The vocation story of a north American Poor Clare, Bernadette of Texas, and another recent autobiography of the fascinating journey of Mother Veronica of France repeat the story of the call to be a Poor Clare today. The missionary spirit of the countless Clares who leave their homes, families and friends to bring our charism to other nations witnesses even now to the life-giving thrust of the Clarian charism. We have received our charism from Clares we will never know about, all those whose life stories are not so famous, but who passed the Clare-flame to us. And we receive the gift from those who have influenced us intimately by their daily living example of fidelity. In Clare's garden of consecrated women we have much to celebrate! | |
| Our Times The women who follow Clare today strive to be models and examples of the transcendent dimension of Gospel poverty and prayer, and to offer the service of loving intercession with God for the needs of all. But we want to renew, strengthen and celebrate the expression of our contemplative form of life in this grace-filled time in which we Clares of Boston are privileged to live, so that it will be an ever greater source of life for our city and our world. In his book entitled Behold the Spirit, Allan Watts describes the advantage of our age as one in which Western Christianity is pivoted at a turning point in the history of religion. He displays the externalism and legalism of the Middle ages as the trappings of spiritual childhood. Christianity's adolescence of revolt against tradition followed in the succeeding centuries. Now he sees its physical phase approaching a climax as materialism fails to come through with the fulfillment it offered. A sign of progressive spiritual maturity is the increasing awareness, gradually taking hold, that God is given to us now, that real religion happens in the "flesh" of daily experience. We are on our way to a fuller experience of the Spirit, to the consummation of Karl Rahner's prophecy that "The coming Christian will have to be a mystic."

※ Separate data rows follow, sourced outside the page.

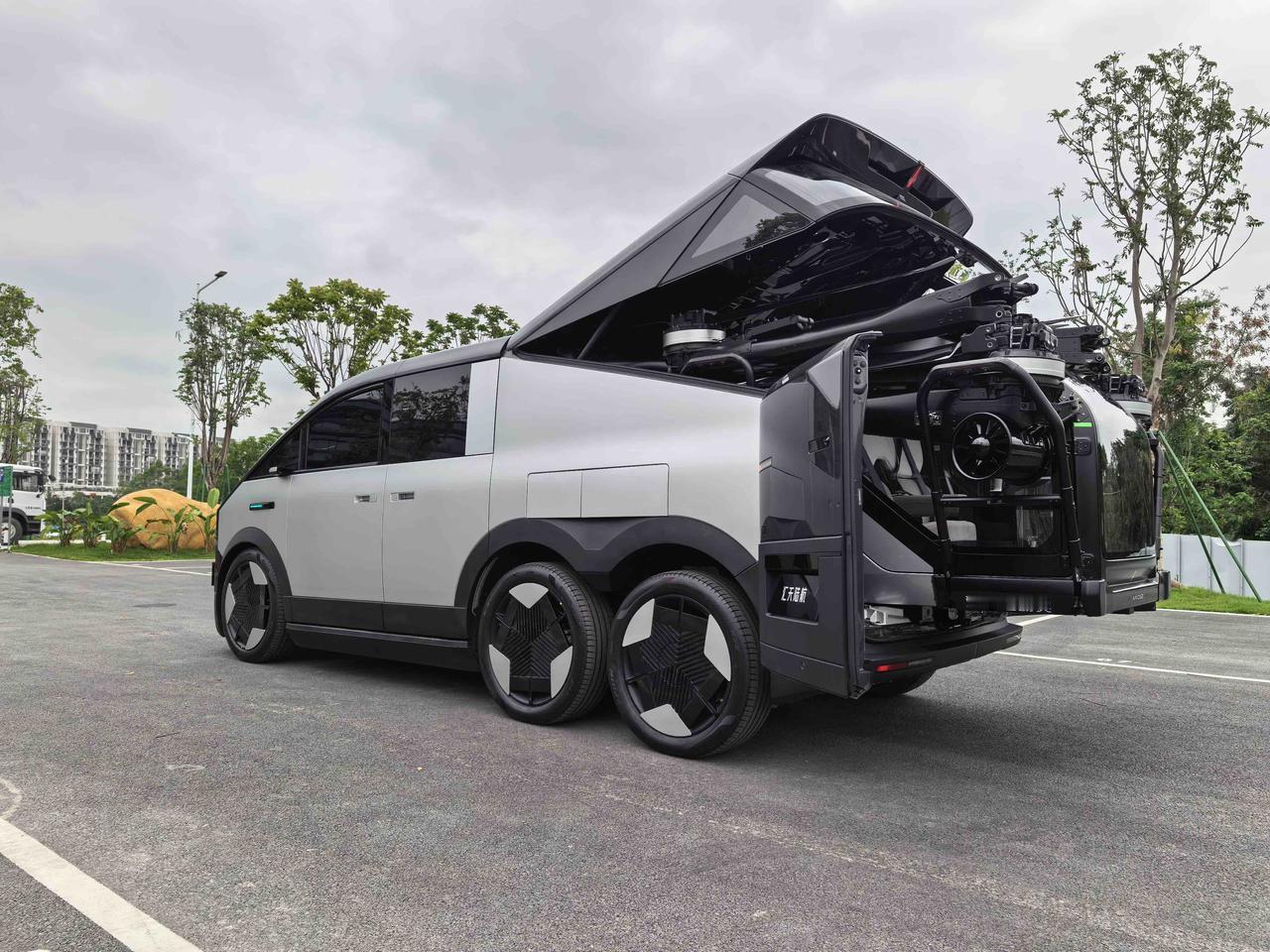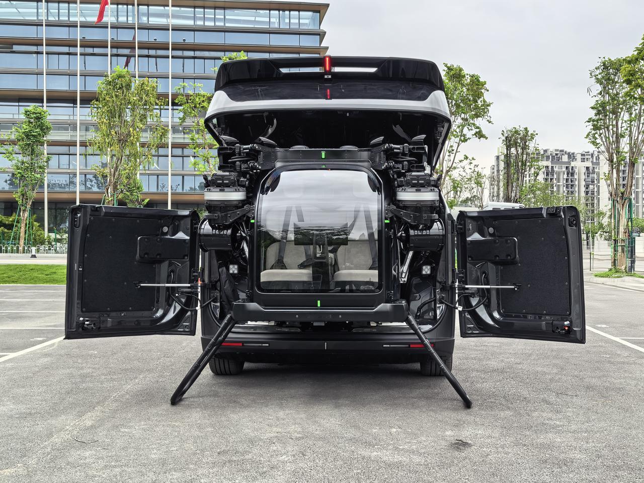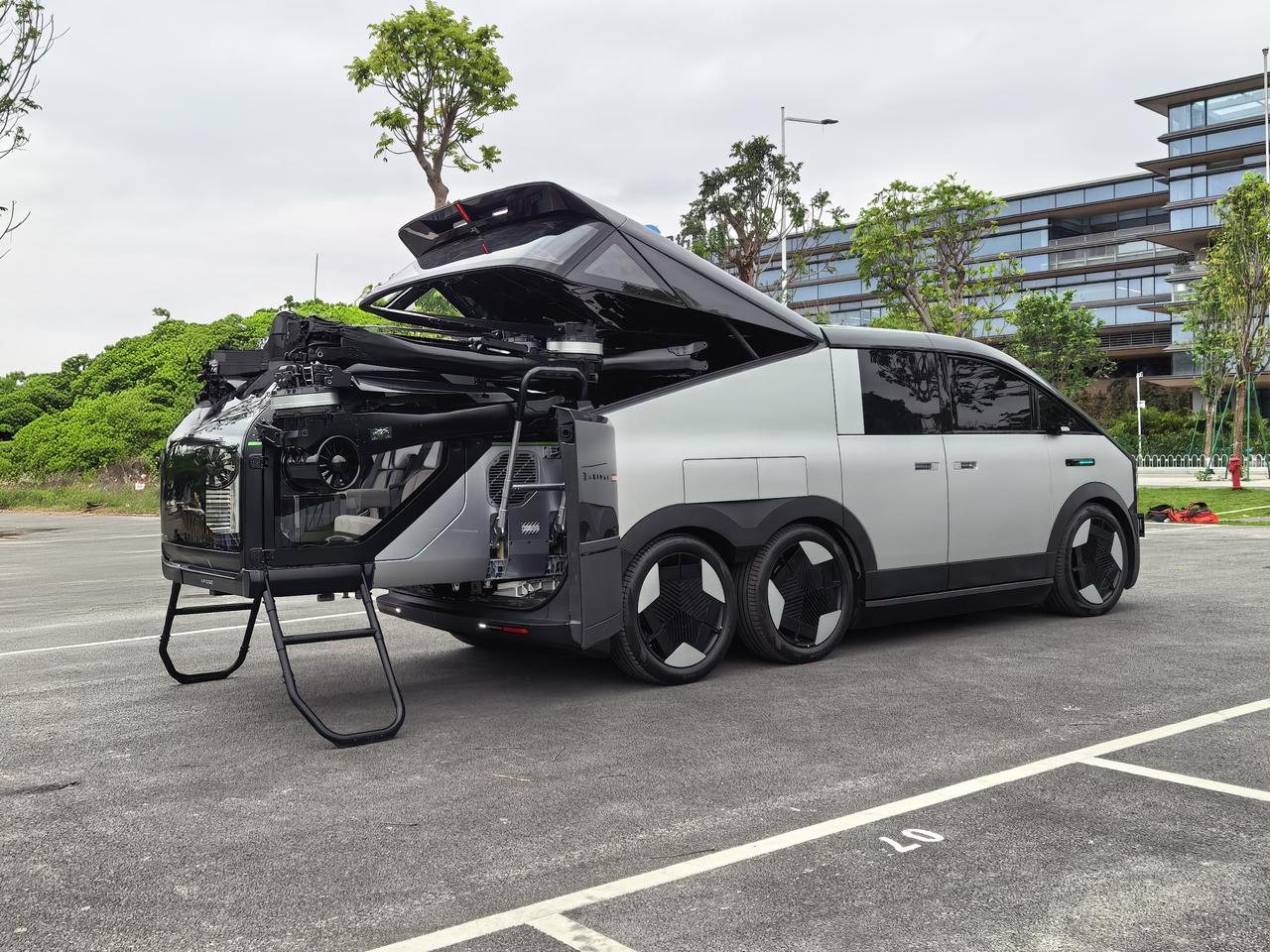 不过,这两辆是完全不同的路线,Cybertruck是越野车,主打一个任何一种路况都可以,而陆地航母可以说中国原创的科幻大作,3轴6轮6驱、5546mm车长,悬浮双色车身,最绝的是分体式飞行汽车设计,尾舱能藏飞机,自动分离结合,解决存放补能难题。未来某一天,开着陆地航母到各地,一键放出汇天飞行器,开着飞机看着我们的大好河山,真的又美又酷。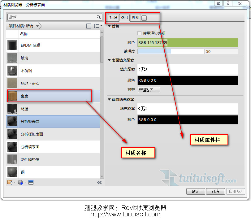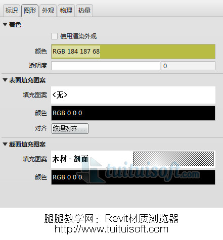 2、图形:用于设置材质在线框、隐藏线、着色模式下,材质的外观显示:表面颜色、表面填充图案、截面填充图案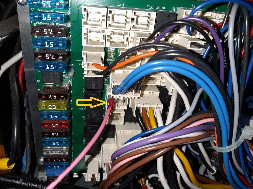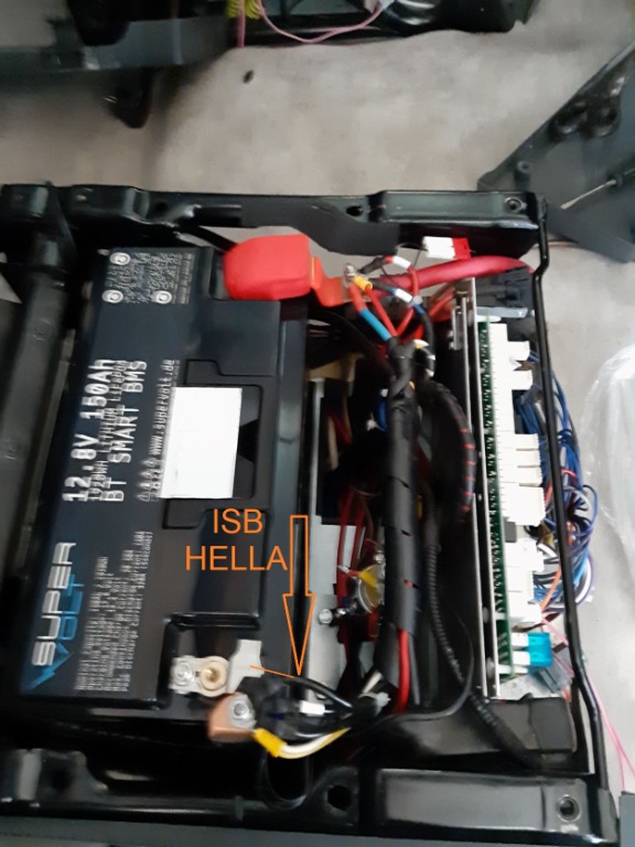 Die Kabel so gut wie möglich aufräumen, dabei hat ein gebrochenes Kabel vom ISB Hella das Batteriesignal auf dem zentralen TFT-Display verloren. Gelöst...

Our Holy Father, Pope John Paul II, is calling upon us to influence and foster throughout the Church the development of this innermost kernel of the Gospel upon which our Poor Clare life is based. We are being summoned to be, as Clare would have us be, "mirrors and examples" for others of the union with God people are longing for. | |
| Clare's Charism Today Since Vatican II, our efforts to understand our roots more fully, have brought us to a greater understanding of the particular thrust of our vocation. Clare's followers are especially called to be lovers of Jesus Christ. It is our vocation to be images of the Poor Christ as Clare was. We are to be women of the Word, open to the spirit of the Lord. We are to be Mothers of Jesus, learning from Mary how to make a home for God within ourselves and how to bring Him to birth in our world. To quote from the letter from the four Ministers General, Clare bids us "and all Christians, to recognize our need to concentrate on the Person and Life of Christ, a life which frees and develops the human condition, and contains all the values needed today." (#59) For this reason, we are urged to "make the 'way' of St. Clare a potent force again in our times," (#48) and by this means "give flesh to the Gospel." (#57)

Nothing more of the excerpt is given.